See more of the story

Missing: 800 pieces of furniture from the Minnesota State Capitol.

If you know where any of it is, the Cass Gilbert Society wants to hear from you. They don't want it returned. They just want to know if it has found a good home.

Somehow, over the decades, about half of the furniture — some 800 pieces — that originally furnished the Capitol when it was opened in 1905, have gone missing.

The Minnesota-based nonprofit dedicated to the architect who designed the State Capitol wants to tell the story of the furniture created or selected by the Cass Gilbert to furnish the building.

Natalie Heneghan, project manager of the Cass Gilbert Society, said the original furnishings — chairs, light fixtures, decorative metalwork — have gone AWOL over the decades as people who have worked at the Capitol have taken things home or objects were sold at auction.

Heneghan said in the past, legislators leaving office might have been allowed to purchase their furniture when renovations were being made.

By the time an inventory was done in 1989, only about 800 of the approximately 1,600 original pieces of furniture at the Capitol were located.

The rest might be in an attic or in an antique store someplace.

In addition to the stories of where the furniture ended up, the society also is seeking information on architectural fragments, photographs and light fixtures from the original building.

The society wants to document where those pieces are now in a sort of a virtual museum exhibit on their website, cassgilbertsociety.org.
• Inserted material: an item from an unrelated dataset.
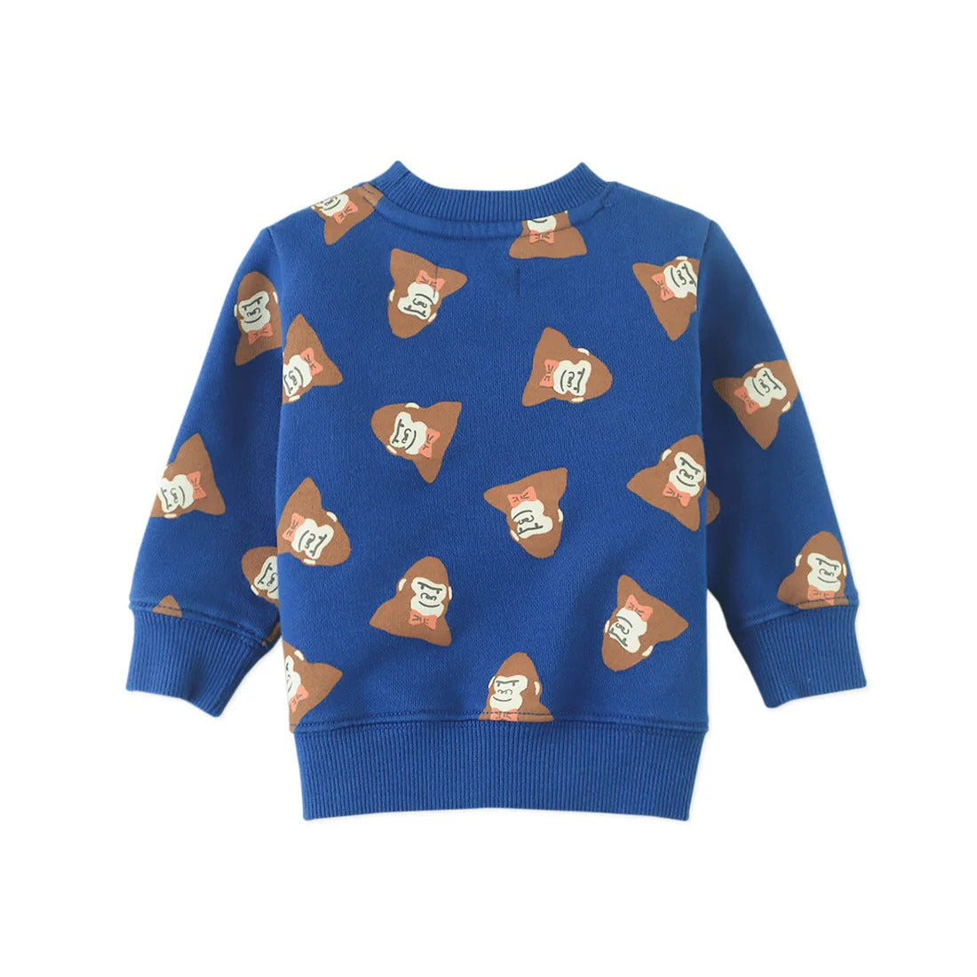 Item: Get ready to roar with the Baby Cary Sweatshirt in deep blue, featuring our Kong print and a bold embroidered patch.

"We want to know the story. We want to know how it's been used, who's sat in it," Heneghan said of the missing furniture.

Anyone with information about the Capitol furnishings should contact Heneghan at natalie.heneghan@cassgilbertsociety.org.

The project, which runs through the end of 2017, is being financed with funds provided by the state's Arts and Cultural Heritage Fund through the Minnesota Historical Society.